L’obiettivo di questa alleanza fra municipio e società locale, urbana e rurale, è realizzare modelli di vita e di consumo auto sostenibili: che siano cioè in grado di ridurre l’impronta ecologica e la pressione ambientale cambiando gli stili di vita e di consumo verso il risparmio energetico, il consumo critico, la valorizzazione dei prodotti equo- solidali; chiudendo a livello locale i cicli dei rifiuti, dell’energia, dell’alimentazione, delle acque; attuando una nuova alleanza fra la città e il proprio territorio rurale; sostenendo il proprio sviluppo a partire dalla valorizzazione della peculiarità dei propri patrimoni ambientali, territoriali e sociali; creando reti con altri Comuni (municipalismo solidale e federato) per realizzare sistemi economici locali fondati sulla identità locale e la tipicità dei prodotti.
6. Questione sociale, del lavoro e gestione pubblica dei servizi
Sebbene sia rimasta per lungo tempo al margine della politica locale, la questione della dignità, della sicurezza e della finalizzazione sociale del lavoro assume un’importanza capitale nel nuovo orientamento sostenibile delle scelte dello sviluppo locale; e questo tanto più in connessione al problema della responsabilità pubblica nel governo dei servizi essenziali, luogo privilegiato in cui il lavoro può esplicarsi come energia comune di trasformazione e di gestione condivisa.
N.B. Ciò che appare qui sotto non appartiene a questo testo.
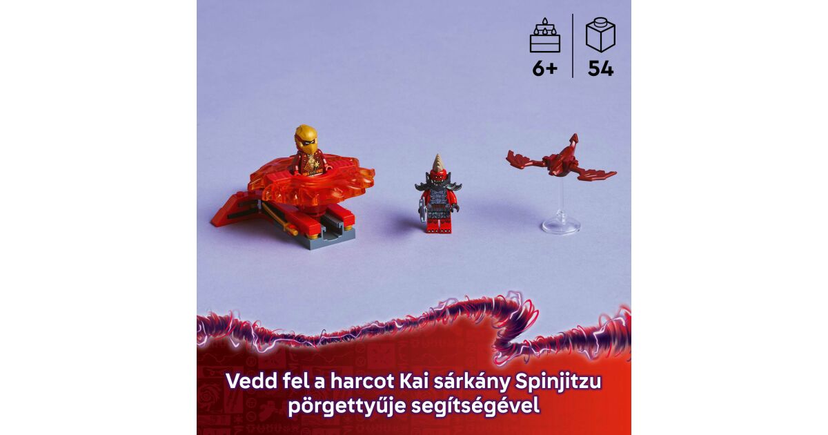 Mit diesem LEGO® NINJAGO® Set kannst du aufregende Spinjitzu-Abenteuer erleben! Das Set wird ab 6 Jahren empfohlen und enthält den Ninja Kai und einen bösen Dragonier-Späher, die in einem spannenden Kampf ihre Kräfte messen. Mit dem Kreisel kann Kai blitzschnell rotieren und beim Aufprall auf das Ziel sogar die Kraftelemente abwerfen!

La nostra intenzione è, dunque, quella di affrontare esplicitamente, nei programmi, i grandi temi della precarietà crescente nel mondo del lavoro e nelle logiche mercantili e di profitto, così come nella produzione e gestione dei servizi pubblici, attraverso il potenziamento di forme nuove e partecipate riaffermando il ruolo imprescindibile dell’Ente pubblico, proponendo nuove relazioni produttive per la valorizzazione stabile dell’impresa a finalità sociale, accogliendo nella produzione e gestione dei servizi le potenzialità offerte dalla società locale - (volontariato, associazionismo, cooperazione sociale -) e promuovendo nuove forme lavorative che garantiscano effettiva stabilità contrattuale; individuando forme di democrazia municipale nel governo e nella gestione dei principali servizi alla persona, a partire dall’acqua come bene comune pubblico, non mercificabile, insieme alla tutela della salute e dell’ambiente, del diritto all’istruzione, all’assistenza, alla casa.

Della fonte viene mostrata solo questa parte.